In November 2012 Leveson released his findings in a 2000 page report and 48-page executive summary.   Leveson proposed an independent replacement for the Press Complaints Commission which he said had no regulatory powers. It would have a dual role of promoting high standards of journalism while protecting the role of the individual. The new body would not include serving editors or politicians and it could impose fines and direct the appearance of corrections. 

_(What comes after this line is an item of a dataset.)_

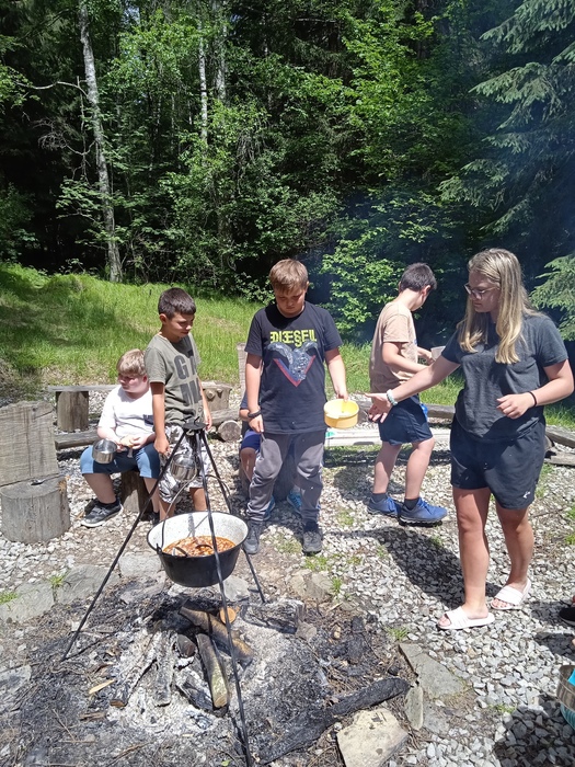 Čtvrťáci se od středy 15. 6. do pátku 17. 6. stali Robinsony. Ztroskotali s přívozem na pustém ostrově, kde obývali stany a vařili si na ohni. Museli se naučit uvázat náramek přežití, vyluštit šifry. Také sdíleli jeskyni s Pátkem, kozou, papouškem a psem. Nechyběla ani bouřka a noční hra :-) Naštěstí nás zachránili a ve zdraví dovezli zpět :-) Moc děkujeme panu Labajovi, díky němuž jsme mohli zažít ztroskotání a záchranu, našim deváťačkám Lence Račákové a Miri Urbanové za pomoc s vařením. Děkujeme i panu Matelovi z firmy VEMAT z Krnova, který nám věnoval šňůry Paracord na výrobu náramků přežití.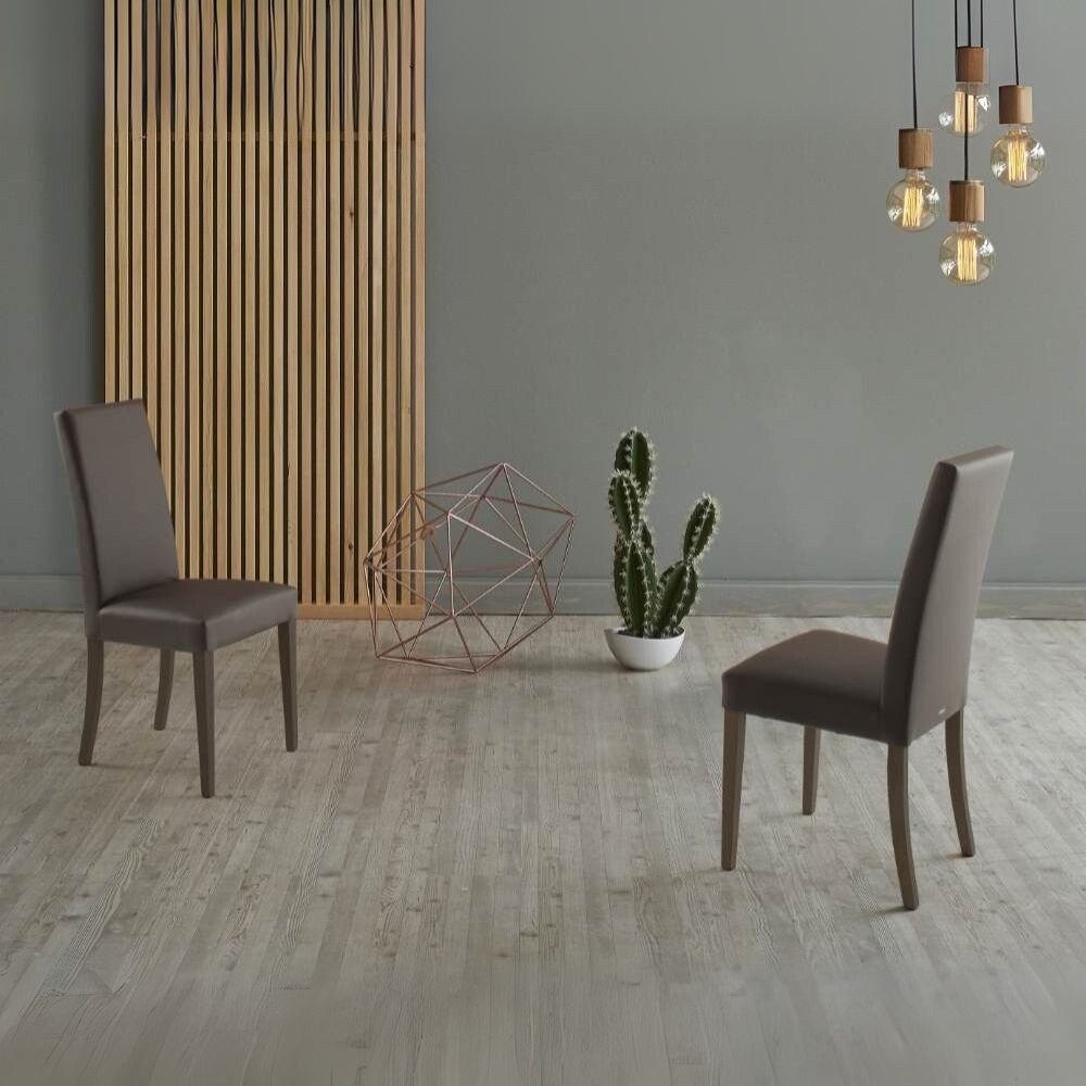 Coppia di sedie in legno di faggio con rivestimento ecopelle marrone. Perfette per cucina e soggiorno, comode e resistenti per ogni occas...

Leveson said participation needed to be universal for the body to be properly funded and succeed in its purpose. Those that declined to be involved would forfeit the right to the in-built arbitration process and therefore could not claim costs of any civil action even if they won because they had refused the cheaper route to justice. Leveson said such a body would not regulate the press.  He did not advocate prior restraint (a point of honour with the British press since Milton’s Areopagitica in 1644). He acknowledged how the important role media plays in society “as a critical witness of events” and accepted that media and journalists have several necessary privileges under the law as “one of the true safeguards of our democracy”. Leveson said his legislation would in fact enshrine “for the first time, a legal duty on the Government to protect the freedom of the press”.

However, the media did not see it that way.  Every newspaper in Britain except the Guardian rushed to denounce Leveson’s key recommendation. Biggest selling paper The Sun said it was “deeply alarmed” by the prospect of “State control of newspapers.” “Such a law could allow State officials to walk into papers like The Sun and censor stories,” it said. The Express also worried about political aprons: “To put politicians in ultimate regulatory control of newspapers and then expect them never to seek to use that power to constrain criticism or scrutiny is to place in them a degree of trust they frankly do not deserve.” 

Prime Minister David Cameron – himself implicated by the evidence of the over-close relationship between press and politics – plumped for the press over Leveson. He expressed his reservations over the legislation for the independent process to recognise the new self-regulatory body.  “For the first time we would have crossed the Rubicon of writing elements of press regulation into the law of the land,” Cameron said. “We should I believe be wary of any legislation that has the potential to infringe free speech and a free press.”

High profile hacking victims such as JK Rowling expressed dismay at Cameron’s speech. “"Having taken David Cameron's assurances in good faith at the outset of the inquiry he set up, I am merely one among many who feel duped and angry in its wake," she said. The Hacked Off coalition gained 100,000 signatures calling on the government to comply with Leveson’s findings. Cameron’s coalition partners the Lib Dems are among them, so the matter rolls on, awaiting further political arbitration in the new year.

If Cameron didn’t reckon for the public outcry, then Leveson certainly did. He predicted the victims and the public would not accept the outcome “if the industry did not grasp the opportunity”. Following seven inquiries into the British press in 70 years, it “did not make sense to contemplate an eighth.” Whether short-term interest will prevail is a moot point, as is the longevity of the media’s powers of influence. What is not in doubt is that Brian Leveson has done us all a favour by pointing a strong light on its problems. Maybe then, the media can return to the problems that affect the rest of us.